Monday 15th May 2006, Chernihiv.
As your interview with me appeared in the Analytics section last Friday, I was driving off the ferry in Oostende, Belgium, at the start of a 2500 km journey to Chernihiv, from where I am writing now, my trailer laden with donated clothes, toys and musical instruments.
This is the fourth time I have made the journey overland. Compared to flying, which I have done many times to check up on projects and deliver small donations, driving is far more expensive, time consuming and tiring. But I cannot turn off the tap of generosity of people in Britain and I am happy to make the trip once a year or so. And I can’t deny that I enjoy the drive, which for this trip I’m sharing with my son, Andrew.

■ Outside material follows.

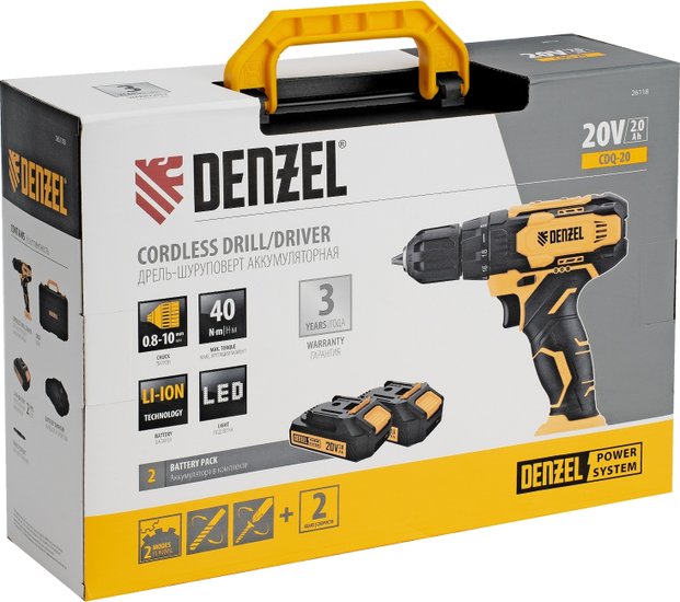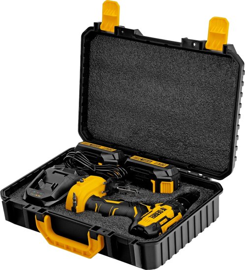 Комплектация- Дрель-шуруповерт аккумуляторная;- Батарея аккумуляторная 2 шт; - Устройство зарядное;- Бита двухсторонняя;- Инструкция по эксплуатации с гарантийным талоном;- Пластиковый кейс.

Travelling through Ukraine gives me an opportunity to see how towns, villages and land use is changing, and to engage in conversation with the “ordinary” Ukrainians I meet at the border and in petrol stations, shops, bars and roadside cafes.
We stop in Witten, Germany, to meet a bunch of medical students who have set up a peer-training program to educate Ukrainian medical students in HIV awareness –they’ve met some resistance to taking HIV prevention messages into schools, and I put them in touch with “Our Generation”, the organisation I support in Chernihiv, which has a lot of experience in this field. We talk about future joint projects – we can see many opportunities.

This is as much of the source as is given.